Give the data again in full, without pictures.

Data below -
----
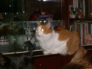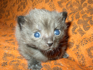 Похожа сестричка, только у нашего Фокса глазки то зеленые, то желтые, в зависимости от обстоятельств (у вашей девчушки желтенькие). Он из Пашинских подвалов. Ему уже 1 год и 1 мес. (приблизительно, конечно).
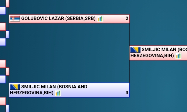 Kako je Smiljanić inače prvak BIH u odličnoj formi, do finala je pobedjivao sve svoje protivnike, omogućio je Lazaru Goluoviću da se u repasažu bori sa Rumunom Simonom Lajrentiu Gabrijelom.
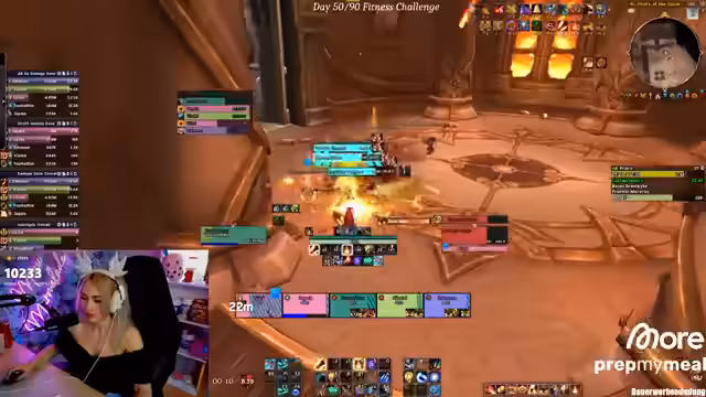 02:39:15Nachdem die Streamerin über ihre neue Lebensphase und ihren neuen Job spricht, kehrt sie zum Gameplay zurück. Sie hat Schwierigkeiten, ihre Buffs wie Source of Magic richtig zu verteilen und sucht nach dem richtigen Attunement für ihren Evoker. Es kommt zu technischen Problemen mit der Interface-Anzeige, da sie keine Procs wie Living Flame erkennt. Die Streamerin testet neue Tastenbelegungen und Makros, um ihre Utility-Fähigkeiten wie Prescience besser einsetzen zu können, auch wenn dies im Kampf verwirrend wird.
----
Exercise response -
 Похожа сестричка, только у нашего Фокса глазки то зеленые, то желтые, в зависимости от обстоятельств (у вашей девчушки желтенькие). Он из Пашинских подвалов. Ему уже 1 год и 1 мес. (приблизительно, конечно).
 Kako je Smiljanić inače prvak BIH u odličnoj formi, do finala je pobedjivao sve svoje protivnike, omogućio je Lazaru Goluoviću da se u repasažu bori sa Rumunom Simonom Lajrentiu Gabrijelom.
 02:39:15Nachdem die Streamerin über ihre neue Lebensphase und ihren neuen Job spricht, kehrt sie zum Gameplay zurück. Sie hat Schwierigkeiten, ihre Buffs wie Source of Magic richtig zu verteilen und sucht nach dem richtigen Attunement für ihren Evoker. Es kommt zu technischen Problemen mit der Interface-Anzeige, da sie keine Procs wie Living Flame erkennt. Die Streamerin testet neue Tastenbelegungen und Makros, um ihre Utility-Fähigkeiten wie Prescience besser einsetzen zu können, auch wenn dies im Kampf verwirrend wird.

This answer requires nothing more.